La infancia desdichada

  • 'EL TESTAMENTO DE UN BROMISTA'. Jules Vallès. Trad. Luis Eduardo Rivera. Periférica. Cáceres, 2016. 96 págs. 12 euros.

Hay toda una literatura dedicada a la infancia. Una literatura cuya exploración comienza, no en el XVIII/XIX de Rousseau y de Dickens, sino al inicio mismo de la modernidad, cuando Lázaro de Tormes abre la infortunada senda de estos pequeños héroes, valerosos y heridos. El testamento de un bromista es un ejemplo más, pero un ejemplo extraordinario, del interés que el arte ha demostrado, desde entonces, por el destino de la infancia. Un interés que se vio acrecentado por la moderna institución de colegios y orfanatos en tiempos de la Ilustración; pero cuyo origen quizá haya que buscar en el retrato de la intimidad burguesa que acometieron, cada uno a su modo, románticos e ilustrados.

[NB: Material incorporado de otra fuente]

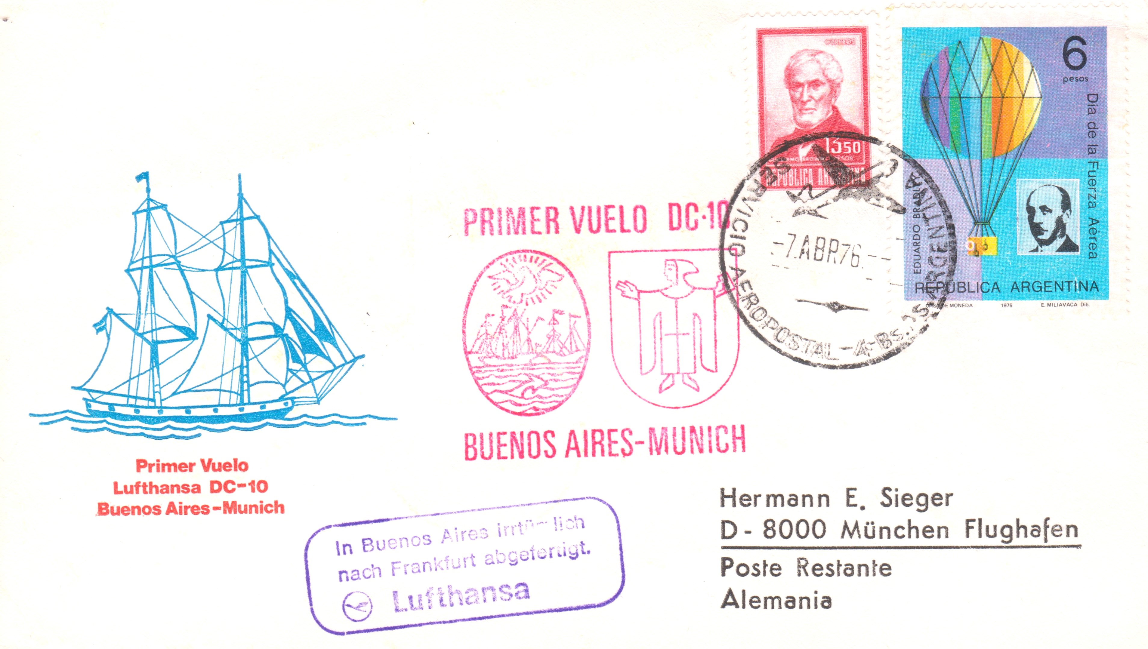 Eine Marke aus Paraguay (MiNr 2677) aus dem Block (MiNr Block 246) zeigt unter anderem links unten eine Douglas DC-10 der Deutschen Lufthansa. Bei dem gezeigten Block handelt es sich um einen "Muster"-Block.

Una intimidad mezquina, brutal y ordenancista es la que Vallès acuña en estas breves estampas de la Francia de 1869. No se trata, aun así, del cruel desvalimiento en que se hallaron los personajes de Dickens y Edmondo de Amicis; o de la abrumadora soledad que padecieron, en un Londres húmedo y vertiginoso, los hermanos De Quincey; y tampoco del perverso adoctrinamiento que infligirá Sade a sus víctimas. La desdicha que atañe al joven Vallès es la propia de una familia áspera y sin afectos, pero que sin embargo guarda una apariencia de humanidad y decoro, acorde con su clase. En el interior del hogar, sin embargo, el niño Vallès sólo recabaría una violencia inicua y deliberada y un alimento escaso. Escrito con un duro y conmovedor desapego, El testamento de un bromista es también el relato de una conversión y de una forja: la forja de un muchacho, fortalecido por la brutalidad de sus padres, y la resuelta conversión de un niño a la causa de los desfavorecidos. No en vano, el Vallès adulto sería un destacado agitador social, vinculado a la Comuna. Y es probable que fuera esa vida de privaciones y sobresaltos -la vida del conspirador exiliado y del panfletario- la que precipitara su muerte en febrero de 1885.

En el principio, sin embargo, fue el niño. Y el niño que Vallès recuerda en estas páginas ha sustanciado ya su dolor, ha diluido su cólera, en una adusta y melancólica grandeza.